Salient points to note in the application are:

  • networks parameter set on both microservices that indicates the network interfaces to be used by pods of the microservices. (The microservices must implement a parameter for this to be set by the application.)

  • serviceNetwork parameter set on server microservice that indicates the network interface to be used by Kubernetes Service of the microservice. (The microservice must implement a parameter for this to be set by the application.)

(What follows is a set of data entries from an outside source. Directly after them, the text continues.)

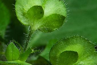 Veronica : feuilles opposées ; fleurs à 2 étamines, corolle à tube court et 4 lobes plus ou moins étalés, lobe supérieur plus large que les autres (fusion de 2 pétales), lobe inférieur plus étroit, calice généralement à 4 sépales. Veronica montana (Véronique des montagnes) : tige velue, ± étalée et radicante aux nœuds, à larges feuilles pétiolées et dentées ; fleurs lilas en grappe axillaires lâches, fruits aplatis aux bords ciliés.
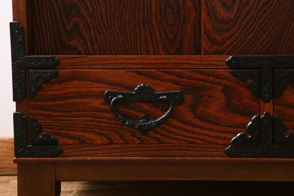 キャビネット・戸棚> サイドボード > 中古 民芸家具 岩谷堂箪笥 脚付きリメイク 重厚さの中にも華がある上品なローボード(テレビボード、サイドボード、戸棚)(R-038702)
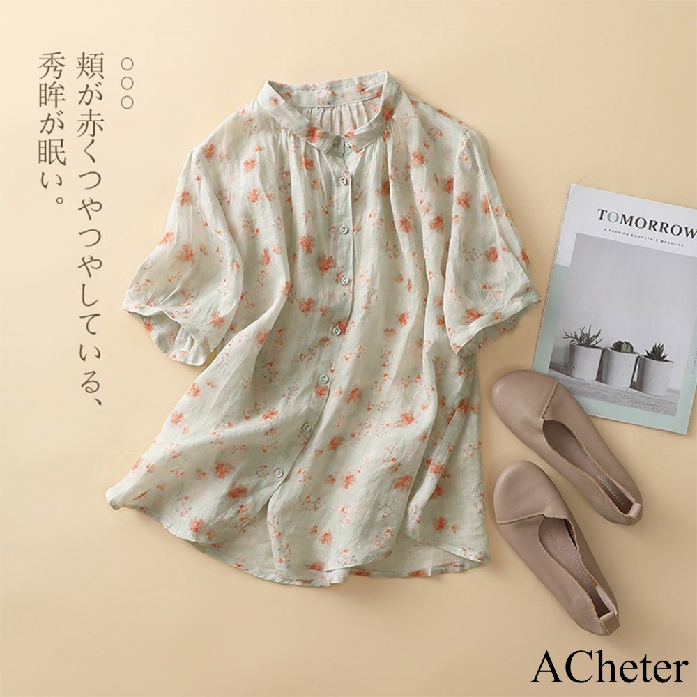 【ACheter】印花寬鬆顯瘦棉麻短袖襯衫上衣#113249現貨+預購(2色)
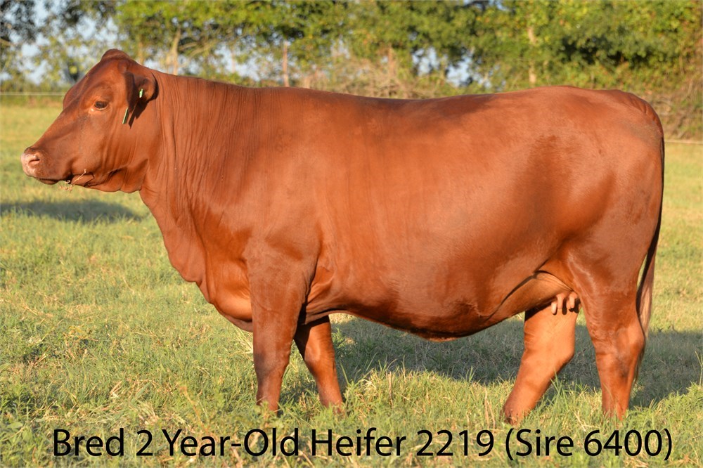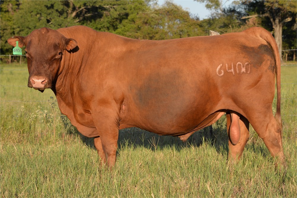 6400 is one of our herd sires that produces some exceptional females. His offspring have the deep gut and spring of ribs that South Poll breeders desire. Descending from 4401 on the dam side and the Romeo/Dandy line on his sire's side, 6400 has the genetics to improve just about anyone's herd. The average birthweight of his offspring on our ranch has been 65 lbs. He himself weighed 66 lbs. at birth. 6400 is standing on our ranch and you are welcome to schedule a time to see him. Pictures of two of his daughters are included for your reference. Call 903-681-4211 or email info@hoofandhide.com to check current semen inventory or to purchase.
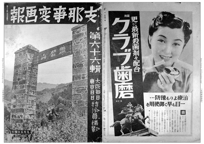 《支那事变画报》译为《中国事变画报》,创刊于日本昭和12年8月3日(1937年8月3日)。创刊号封面上印有“陆军省许可、支那驻屯军司令部许可和发行所大坂每日新闻社、东京日日新闻社”字样,2—100辑封面上均标明为“大坂每日、东京日日特派员摄影”。《支那事变画报》临时增刊为周刊朝日,发行所为大坂、东京朝日新闻社。《支那事变画报》在日本国内印刷后运到中国发行。
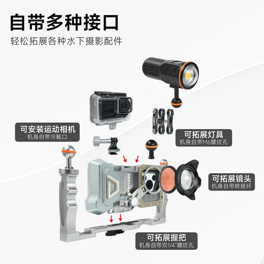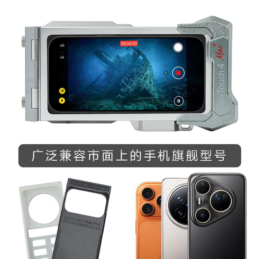 着眼于未来的移动技术浪潮,SeaTouch 4 Max 铂金版V2在设计上已充分考虑到前瞻性,将完美兼容已经发布的苹果iPhone 17系列。这种设计确保了用户在未来升级手机时,能够无缝沿用现有的潜水壳,从而尽享iPhone 在影像技术、处理性能和显示效果上可能带来的巨大飞跃。DIVEVOLK致力于为用户的投资提供长久价值,让一套装备即可应对未来的技术更迭,始终立于水下摄影的前沿。

  • A NIC resource must be assigned to the microservices using resources limits and requests (e.g. rdma/rdma_shared_device_a set to 1 in this case). This will depend on the infrastructure and network operator configuration.

Deploying UCF Applications with UCX

Hardware requirements

  • RDMA capable hardware: Mellanox ConnectX-5 NIC or newer

  • NVIDIA GPU and driver supporting GPUDirect e.g Quadro RTX 6000/8000 or Tesla T4 or Tesla V100 or Tesla V100. (GPU-Direct only)

Pre-requisites

Network Operator

Refer to the Network Operator documentation - https://docs.nvidia.com/networking/display/COKAN10/Network+Operator

  • Install the Network Operator

  • Enable secondary network configuration

  • Enable RDMA Shared Device Plugin

  • Enable NVIDIA OFED Driver

  • Deploy a NetworkAttachmentDefinition CRD to define the RDMA device network

Multus Service Controller

Install the Multus Service Controller using the following command:

kubectl apply -f https://raw.githubusercontent.com/k8snetworkplumbingwg/multus-service/main/deploy-nft.yml

Disable the coredns cache

Edit the coredns configmap using the following command and change the ttl to 0 if specified:

$ kubectl edit configmap coredns -n kube-system

Deploying the application

Make sure that the networks and serviceNetwork match the network name provided in the NetworkAttachmentDefinition CRD that is attached to the rdma device. Also make sure the rdma device resource name (rdma_shared_device_a in the example) is correct. This is determined by the rdma shared device plugin.

Install the application using:

helm install <release-name> <application-helm-chart>